╭─ RECORDS TO PROCESS
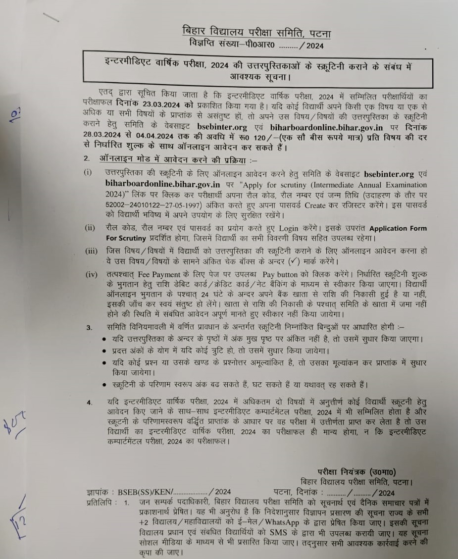 BSEB द्वारा बिहार बोर्ड इंटर स्क्रूटिनी (BSEB Inter Scrutiny Form 2024) को लेकर जारी अधिसूचना के अनुसार छात्र-छात्राएं प्रति विषय 120 रुपये के शुल्क के साथ अपनी कॉपियों की स्क्रूटिनी के लिए ऑनलाइन आवेदन कर सकते हैं। इसके लिए स्टूडेंट्स को आधिकारिक वेबसाइट, intermediate.bsebscrutiny.com पर जाना होगा। फिर अपने रोल कोड, रोल नंबर और पासवर्ड (जन्म-तिथि) के माध्यम से लॉग-इन करना होगा। लॉग-इन के बाद परीक्षार्थी स्क्रूटिनी फॉर्म भर सकेंगे, जिसकी आखिरी तारीख 4 अप्रैल 2024 निर्धारित की गई है।
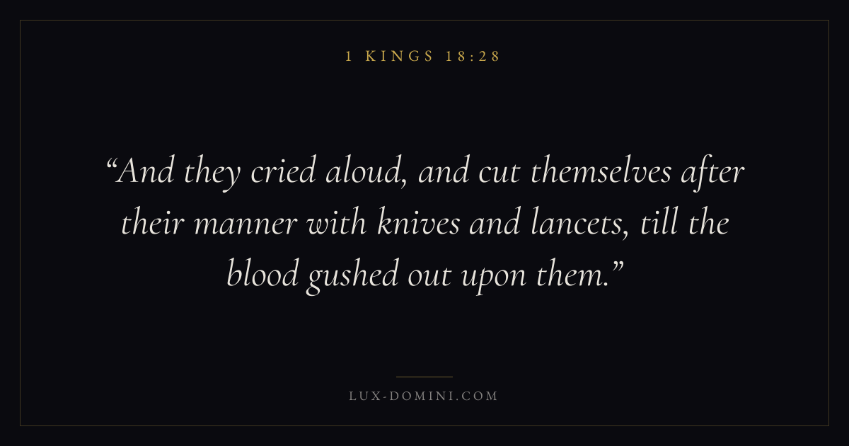 And they cried aloud, and cut themselves after their manner with knives and lancets, till the blood gushed out upon them.
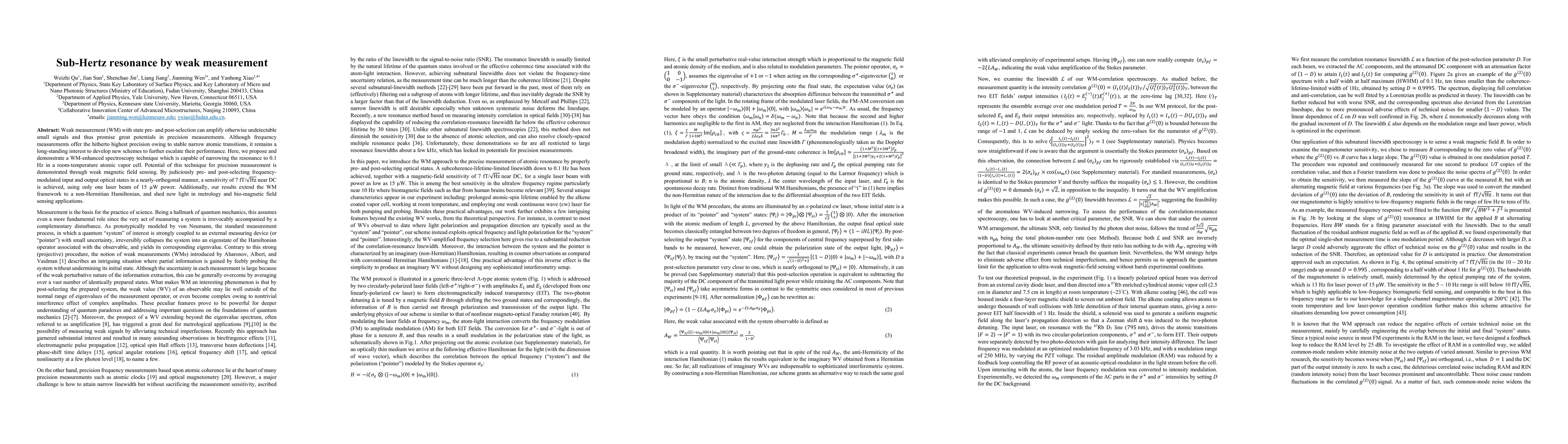Weak measurement (WM) with state pre- and post-selection can amplify otherwise undetectable small signals and thus promise great potentials in precision measurements. Although frequency measurements offer the hitherto highest precision owing to stable narrow atomic transitions, it remains a long-standing interest to develop new schemes to further escalate their performance. Here, we propose and demonstrate a WM-enhanced spectroscopy technique which is capable of narrowing the resonance to 0.1 Hz in a room-temperature atomic vapor cell. Potential of this technique for precision measurement is demonstrated through weak magnetic field sensing. By judiciously pre- and post-selecting frequency-modulated input and output optical states in a nearly-orthogonal manner, a sensitivity of $\text{7 fT/}\sqrt{\text{Hz}}$ near DC is achieved, using only one laser beam of $\text{7 }\text{\mu W}$ power. Additionally, our results extend the WM framework to a non-Hermitian Hamiltonian, and shed new light in metrology and bio-magnetic field sensing applications.
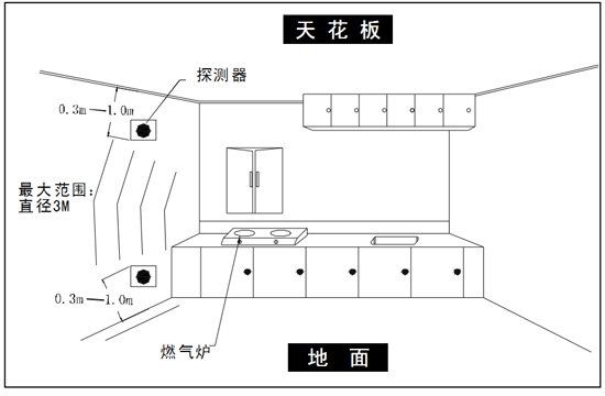 探测器比空气重的气体时:安装于高出地面0.3-1.0米,距气源半径1.5米内;探测比空气轻的气体时:安装于低于天花板0.3-1.0米,距气源1.5米内,如下图。
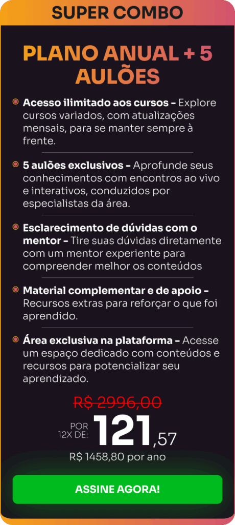Sim! Todo mês, você recebe um novo curso exclusivo, além de novos aulões, ferramentas e mentorias ao vivo no Plano Completo.
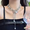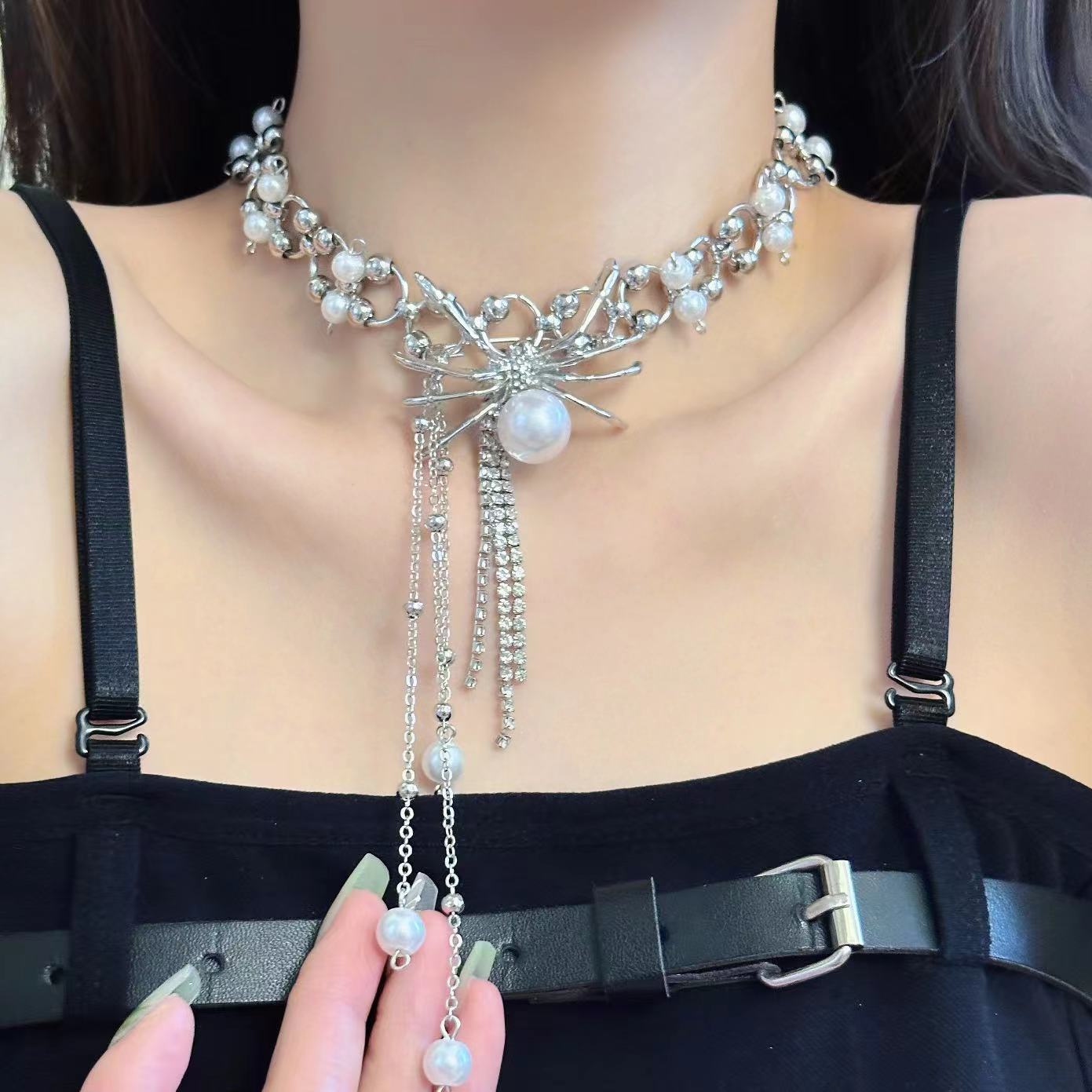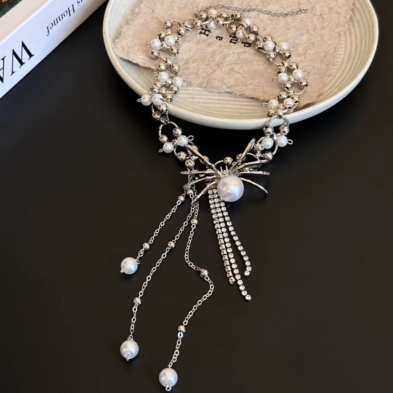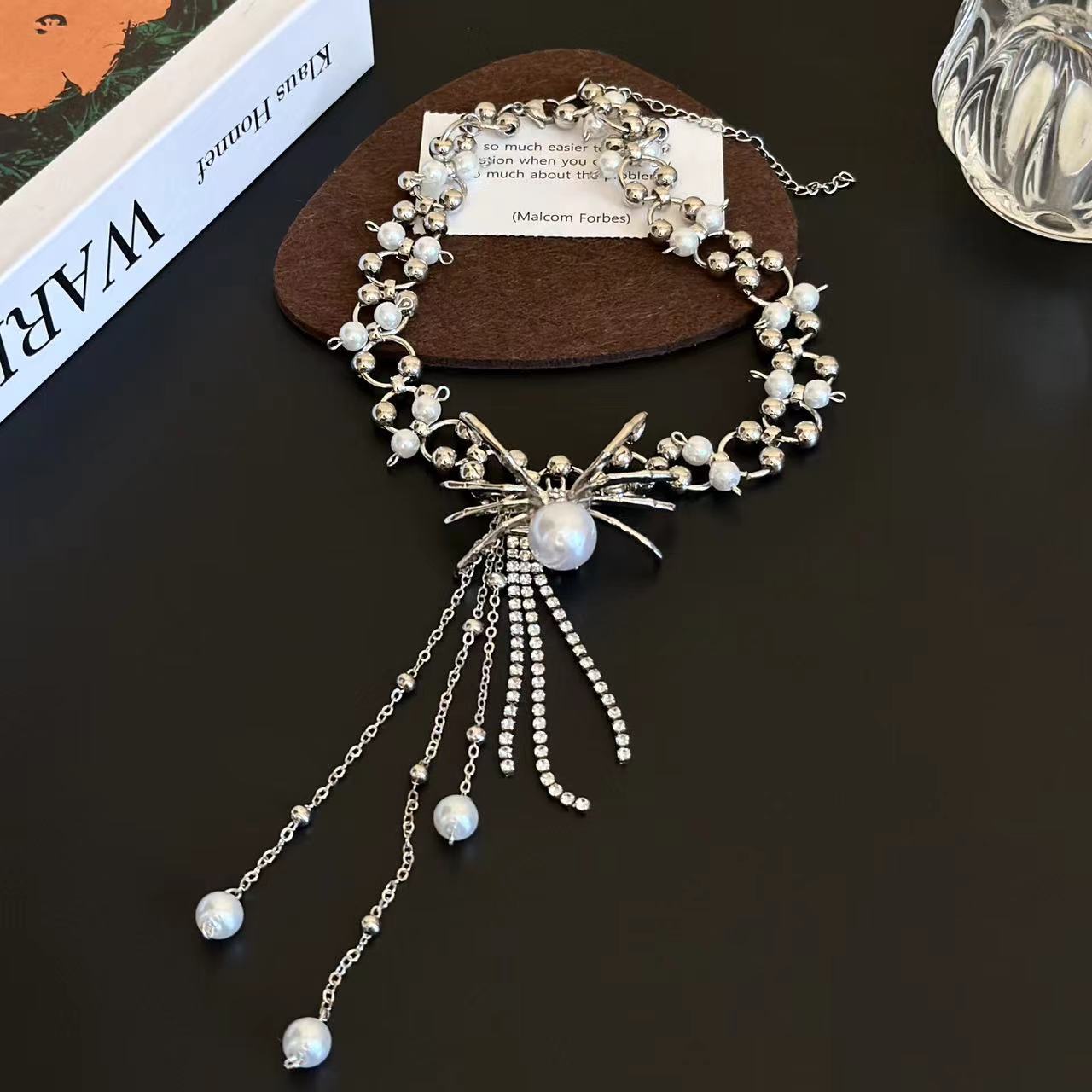Collar de araña antigua con perlas frescas y dulce, ligero, lujoso, de diseño exagerado, gargantilla con cadena de clavícula avanzada.
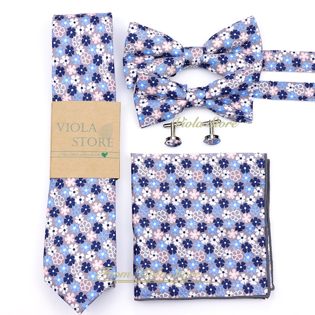 Содержит 5 штук: галстук и Карманный платок, бабочка для взрослых, Детская бабочка и запонки.
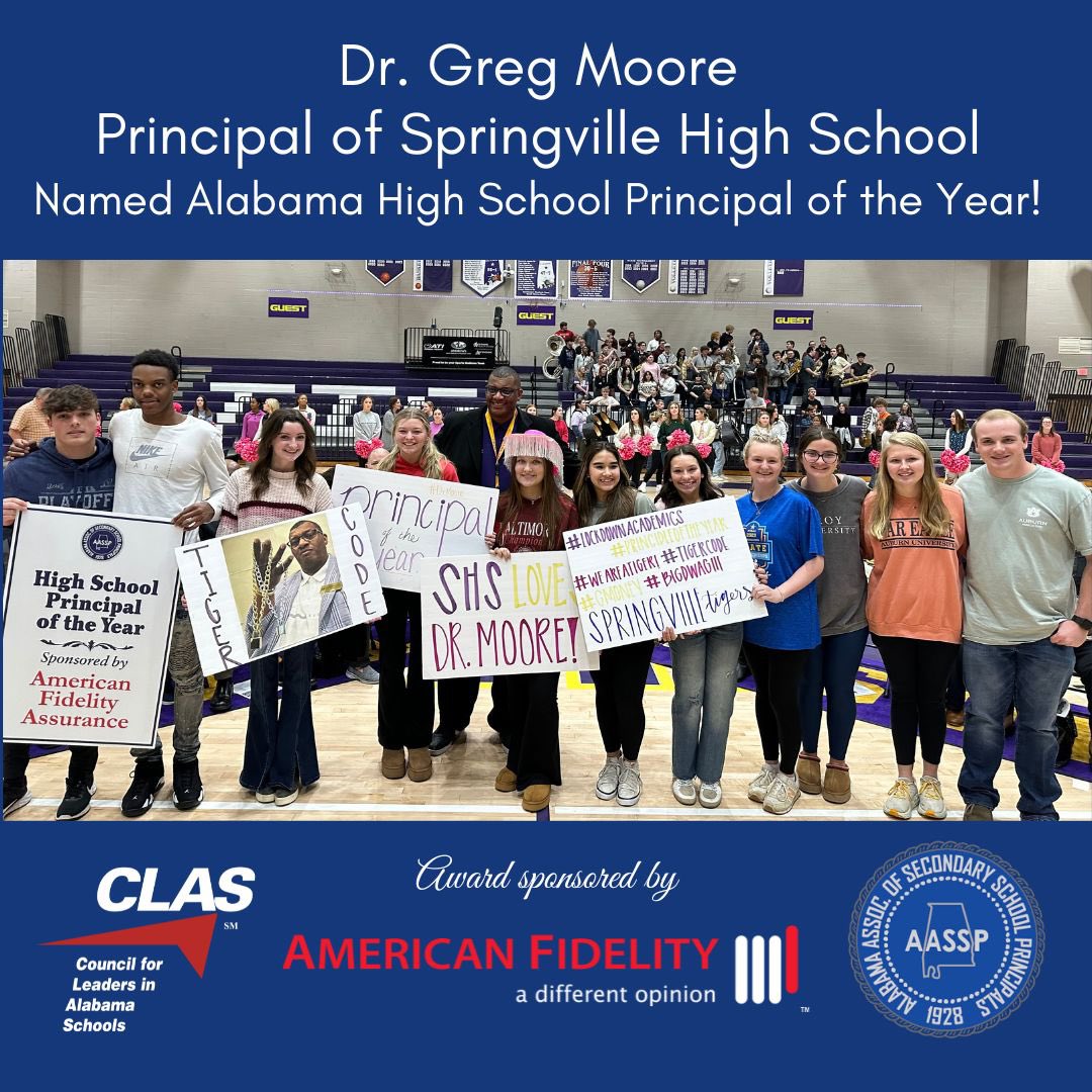 Congratulations to Dr. Moore for being named THE Alabama Association of Secondary School Principals (AASSP) PRINCIPAL OF THE YEAR!! #tigercode #iamatiger #tigerpride
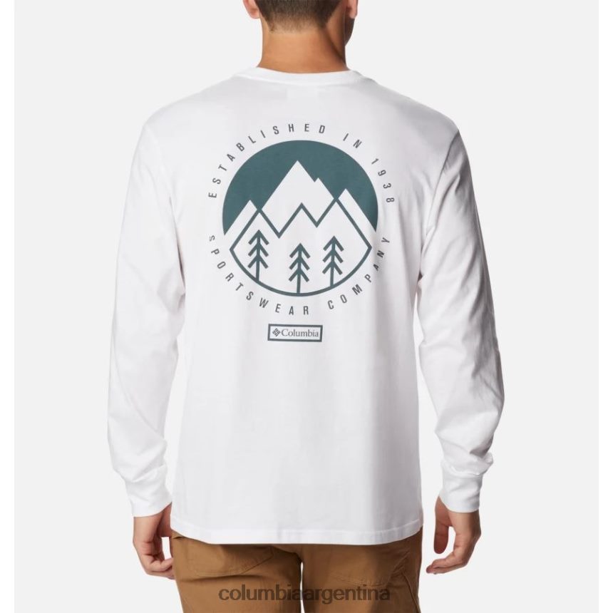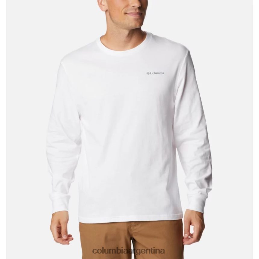 esta camisa de manga larga, 100 % algodón, es perfecta debajo de una camiseta, pero no querrás cubrir el gráfico clásico de Columbia para mostrar tu amor por el aire libre. p>
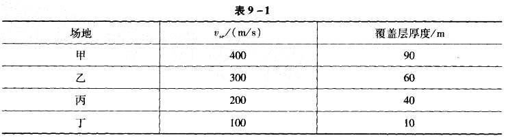 有甲、乙、丙、丁四个场地,地震烈度和设计地震分组都相同。它们的等效剪切波速vse
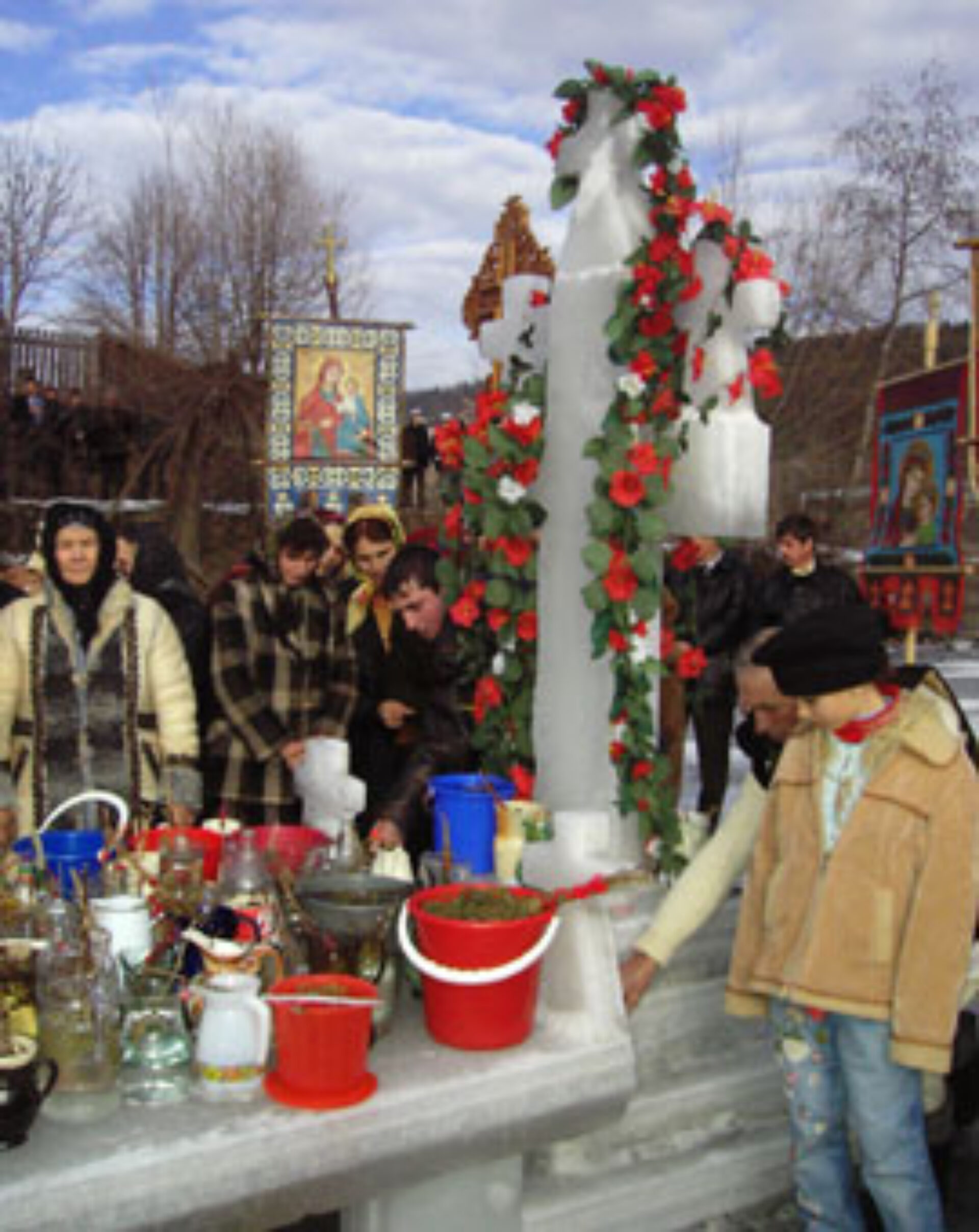 Fiecare credincioasă și-a așezat vasul pentru agheasmă pe masa de gheață, construită în continuarea Sfintei Cruci, și a așteptat începerea slujbei religioase de sfințire a apelor.
╰─
WHAT YOU WILL DO:
Produce a verbatim copy of all records, minus pictures.

SOLUTION FOR THIS EXERCISE:
 BSEB द्वारा बिहार बोर्ड इंटर स्क्रूटिनी (BSEB Inter Scrutiny Form 2024) को लेकर जारी अधिसूचना के अनुसार छात्र-छात्राएं प्रति विषय 120 रुपये के शुल्क के साथ अपनी कॉपियों की स्क्रूटिनी के लिए ऑनलाइन आवेदन कर सकते हैं। इसके लिए स्टूडेंट्स को आधिकारिक वेबसाइट, intermediate.bsebscrutiny.com पर जाना होगा। फिर अपने रोल कोड, रोल नंबर और पासवर्ड (जन्म-तिथि) के माध्यम से लॉग-इन करना होगा। लॉग-इन के बाद परीक्षार्थी स्क्रूटिनी फॉर्म भर सकेंगे, जिसकी आखिरी तारीख 4 अप्रैल 2024 निर्धारित की गई है।
 And they cried aloud, and cut themselves after their manner with knives and lancets, till the blood gushed out upon them.
Weak measurement (WM) with state pre- and post-selection can amplify otherwise undetectable small signals and thus promise great potentials in precision measurements. Although frequency measurements offer the hitherto highest precision owing to stable narrow atomic transitions, it remains a long-standing interest to develop new schemes to further escalate their performance. Here, we propose and demonstrate a WM-enhanced spectroscopy technique which is capable of narrowing the resonance to 0.1 Hz in a room-temperature atomic vapor cell. Potential of this technique for precision measurement is demonstrated through weak magnetic field sensing. By judiciously pre- and post-selecting frequency-modulated input and output optical states in a nearly-orthogonal manner, a sensitivity of $\text{7 fT/}\sqrt{\text{Hz}}$ near DC is achieved, using only one laser beam of $\text{7 }\text{\mu W}$ power. Additionally, our results extend the WM framework to a non-Hermitian Hamiltonian, and shed new light in metrology and bio-magnetic field sensing applications.
 探测器比空气重的气体时:安装于高出地面0.3-1.0米,距气源半径1.5米内;探测比空气轻的气体时:安装于低于天花板0.3-1.0米,距气源1.5米内,如下图。
Sim! Todo mês, você recebe um novo curso exclusivo, além de novos aulões, ferramentas e mentorias ao vivo no Plano Completo.
Collar de araña antigua con perlas frescas y dulce, ligero, lujoso, de diseño exagerado, gargantilla con cadena de clavícula avanzada.
 Содержит 5 штук: галстук и Карманный платок, бабочка для взрослых, Детская бабочка и запонки.
 Congratulations to Dr. Moore for being named THE Alabama Association of Secondary School Principals (AASSP) PRINCIPAL OF THE YEAR!! #tigercode #iamatiger #tigerpride
 esta camisa de manga larga, 100 % algodón, es perfecta debajo de una camiseta, pero no querrás cubrir el gráfico clásico de Columbia para mostrar tu amor por el aire libre. p>
 有甲、乙、丙、丁四个场地,地震烈度和设计地震分组都相同。它们的等效剪切波速vse
 Fiecare credincioasă și-a așezat vasul pentru agheasmă pe masa de gheață, construită în continuarea Sfintei Cruci, și a așteptat începerea slujbei religioase de sfințire a apelor.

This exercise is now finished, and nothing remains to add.